The run command works well for scheduled execution. It's fast, automatic, and only processes what's needed.

Interactive Diagrams

All diagrams in this guide are interactive! Double-click any diagram to zoom in and explore details. Use drag to pan, arrow keys to navigate, or the zoom controls.


Scenario 1: First Run - Processing New Data

After applying your first plan, use run to process new data as it arrives.

vulcan run

Expected Output:

======================================================================
Checking for missing intervals...
----------------------------------------------------------------------

Models to execute:
└── sales.daily_sales: 2025-01-16 (1 interval)

Executing model batches ━━━━━━━━━━━━━━━━━━━━━━━━━━━━━━━━━━━━━━━━ 100.0% • 1/1 • 0:00:02

[1/1] sales.daily_sales          [insert 2025-01-16 - 2025-01-16]   2.1s

✔ All model batches executed successfully

What Happened? - sales.daily_sales has cron: '@daily', so it runs daily - Vulcan checks if enough time has passed

  • Yesterday's plan processed up to 2025-01-15 - that's what's already done

  • Today (2025-01-16) is a new interval that needs processing - this is what's missing

  • run automatically processes this missing interval - no prompts, just works

This is the beauty of run, it automatically figures out what needs processing and does it. Set it up once, and it keeps running!

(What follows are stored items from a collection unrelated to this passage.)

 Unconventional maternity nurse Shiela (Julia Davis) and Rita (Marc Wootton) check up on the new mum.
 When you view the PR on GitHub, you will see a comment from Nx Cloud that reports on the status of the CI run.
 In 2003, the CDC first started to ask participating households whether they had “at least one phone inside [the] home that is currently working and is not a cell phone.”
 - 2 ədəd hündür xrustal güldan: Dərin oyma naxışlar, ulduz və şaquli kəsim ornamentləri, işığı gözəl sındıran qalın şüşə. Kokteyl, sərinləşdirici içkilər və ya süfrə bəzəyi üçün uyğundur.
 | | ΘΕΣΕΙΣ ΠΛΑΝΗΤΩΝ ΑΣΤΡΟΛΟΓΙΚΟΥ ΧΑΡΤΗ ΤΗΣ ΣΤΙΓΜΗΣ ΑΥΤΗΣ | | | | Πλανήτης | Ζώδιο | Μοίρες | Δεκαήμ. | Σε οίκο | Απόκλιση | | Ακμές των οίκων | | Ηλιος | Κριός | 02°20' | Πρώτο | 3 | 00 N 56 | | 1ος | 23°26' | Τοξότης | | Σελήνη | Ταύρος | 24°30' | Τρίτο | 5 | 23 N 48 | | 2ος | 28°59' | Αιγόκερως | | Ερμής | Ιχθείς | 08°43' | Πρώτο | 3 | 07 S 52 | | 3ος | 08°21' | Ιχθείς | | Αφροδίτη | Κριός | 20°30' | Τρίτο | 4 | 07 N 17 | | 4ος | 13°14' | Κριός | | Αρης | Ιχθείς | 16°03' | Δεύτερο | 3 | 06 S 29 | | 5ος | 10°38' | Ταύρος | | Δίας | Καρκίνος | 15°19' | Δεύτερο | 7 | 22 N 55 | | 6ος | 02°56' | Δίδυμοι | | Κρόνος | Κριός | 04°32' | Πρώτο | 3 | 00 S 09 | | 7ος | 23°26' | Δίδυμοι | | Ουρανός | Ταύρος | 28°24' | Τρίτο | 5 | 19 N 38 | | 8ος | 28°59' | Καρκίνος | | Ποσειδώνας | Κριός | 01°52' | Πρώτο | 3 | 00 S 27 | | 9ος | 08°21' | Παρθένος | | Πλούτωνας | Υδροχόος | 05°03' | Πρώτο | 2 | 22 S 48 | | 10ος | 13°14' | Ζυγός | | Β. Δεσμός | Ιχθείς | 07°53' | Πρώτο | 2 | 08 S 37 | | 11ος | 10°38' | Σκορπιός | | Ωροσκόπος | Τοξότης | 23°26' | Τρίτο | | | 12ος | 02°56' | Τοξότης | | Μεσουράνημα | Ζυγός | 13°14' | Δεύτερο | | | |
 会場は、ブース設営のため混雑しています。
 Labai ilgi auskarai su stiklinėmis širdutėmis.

Scenario 2: Cron-Based Execution

Different models can have different cron schedules. run respects each model's schedule.

Daily Model Execution

vulcan run

Expected Output (Day 2):

Models to execute:
└── sales.daily_sales: 2025-01-17 (1 interval)

Weekly Model Execution

After 7 days, both daily and weekly models run:

vulcan run

Expected Output:

Models to execute:
├── sales.daily_sales: 2025-01-18 - 2025-01-24 (7 intervals)
└── sales.weekly_sales: 2025-01-20 - 2025-01-20 (1 interval)

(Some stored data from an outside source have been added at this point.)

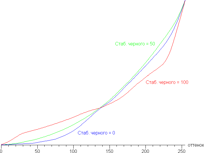 черного. Вот, что получается при крайних значениях (0 и 100; по умолчанию — 50):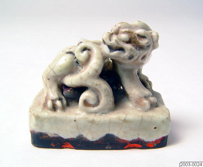 Sigill av keramik i form av djur, på undersidan spår av röd stämpelfärg.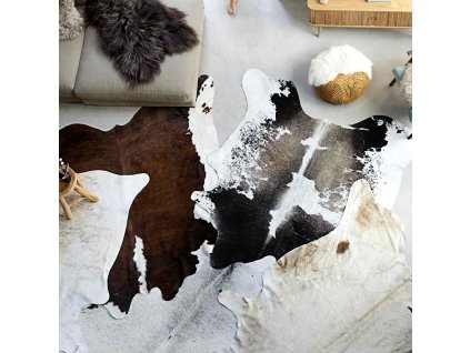 Kusový koberec z pravé kravské kůže je také velmi všestranný. Pokud kůži přehodíte přes křeslo, dodáte mu novou texturu, a zároveň tak snadno vznikne zajímavý designový efekt. Podobně originálním dojmem zapůsobí i zavěšená na zdi.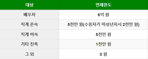 | 직계 존속 | 5천만 원 (대상자가 미성년자시 2천만 원) |

Executing model batches ━━━━━━━━━━━━━━━━━━━━━━━━━━━━━━━━━━━━━━━━ 100.0% • 2/2 • 0:00:08

[1/2] sales.daily_sales          [insert 2025-01-18 - 2025-01-24]   5.2s
[2/2] sales.weekly_sales         [insert 2025-01-20 - 2025-01-20]   2.8s

✔ All model batches executed successfully

Understanding Cron Schedules:

  • Daily model (@daily): Processes missing daily intervals - runs every day when run executes

  • Weekly model (@weekly): Only processes when 7 days have elapsed - skips if not enough time has passed

  • Efficient: Each model only processes what's due based on its schedule - no wasted compute

This is why cron schedules are important. They tell Vulcan when each model should run, so you don't process things unnecessarily.


Scenario 3: Run with No Missing Intervals

When all intervals are up to date, run skips execution:

vulcan run

Expected Output:

======================================================================
Checking for missing intervals...
----------------------------------------------------------------------

No models to execute. All intervals are up to date.

✔ Run completed successfully

This is normal when running frequently. Nothing to process means everything is up to date. Your automation is working and keeping things current.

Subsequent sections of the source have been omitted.